Despite making up about one-fifth of the population of England and Wales, less than 10% of those who received a Fabry diagnosis were ethnic minorities, compared with 90% of the white population.
“Further research should be performed to identify why this may be the case and to ensure that any barriers to the diagnosis of [Fabry] in minority ethnic groups can be identified and overcome,” the researchers wrote. The study, “Underdiagnosis of Fabry disease in minority ethnic groups,” was published in Molecular Genetics and Metabolism Reports.
Fabry disease is a rare inherited condition wherein a fatty substance called globotriaosylceramide (Gb3) builds up in cells and affects organ function, especially in the kidneys and heart. Common early symptoms include burning pain in the hands and feet, skin lesions, gastrointestinal problems, and, in more severe cases, kidney failure, heart disease, and stroke.

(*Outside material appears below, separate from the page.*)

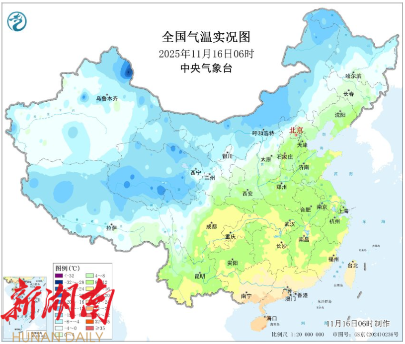 这个周末,北方大部率先领略了下半年首场寒潮的威力。今天(11月16日)清晨,呼和浩特气温首次跌破零下10℃,创下半年来新低;兰州和西宁也双双刷新下半年来气温新低。

The disease affects both men and women across different ethnicities. Its estimated prevalence is about 1 in 1,000 to 9,000 people worldwide. This is likely an underestimate of its actual prevalence, however, due to inherited mutations associated with milder and later-onset forms of Fabry.
Minority ethnic groups do face challenges in accessing healthcare, likely the result of a variety of factors, including cultural differences, language barriers, historic abuse in healthcare and research, and fear of discrimination. Such inequalities can lead to poorer health outcomes.
A lack of diversity in Fabry prevalence
Fabry occurs across all demographic and ethnic groups, but the frequency of ethnicities with Fabry in the U.K. hasn’t been assessed, leading scientists at the University of Birmingham to analyze the self-reported ethnicities of patients using two different sources: the University Hospitals Birmingham (UHB) and the Society for Mucopolysaccharide Diseases (MPS Society).
Because UHB data contained 17 ethnicities and MPS data contained 20, the team grouped them into five categories: white, South Asian, Black, mixed, and other ethnic backgrounds.
Among the 123 cases in the UHB group, 111 (90%) patients described their ethnicity as white, five (4%) as South Asian, one (1%) as Black, two (2%) as mixed, and three (2%) as belonging to another ethnicity. One patient didn’t disclose an ethnicity. Overall, 9% of UHB patients were classified as minority ethnic.
Likewise, of the 416 (81.5%) MPS Society members who provided their ethnicity, 387 (93%) identified as white, 17 (4.1%) as South Asian, three (0.7%) as Black, four (1%) as mixed, and five (1.2%) as other. Here, 7% were classified as minority ethnic.
However, 18.3% of the population in England and Wales are minority ethnic, and that figure rises to 23% in the West Midlands, where most of the UHB group lives. Birmingham is a diverse city where citizens from minority ethnic backgrounds make up more than half (51.4%) the population.
“The results demonstrate a lack of diversity within both cohorts, which suggests [Fabry] is potentially underdiagnosed in minority ethnic groups,” wrote the researchers, who offered the explanation that common and well-characterized disease-causing mutations seen in white populations may not be found in minority ethnic populations. Moreover, the limited data regarding the manifestations of Fabry in minority ethnic populations may complicate interpreting any genetic test results. Also, certain ethnic communities may be more reluctant to join patient organizations and registries.
“Underdiagnosis poses a risk to patients, therefore overcoming barriers to diagnosis in minority ethnic groups is necessary to promote more favorable health outcomes,” the researchers wrote. “Increasing awareness of [Fabry] among healthcare professionals may increase diagnostic rates.”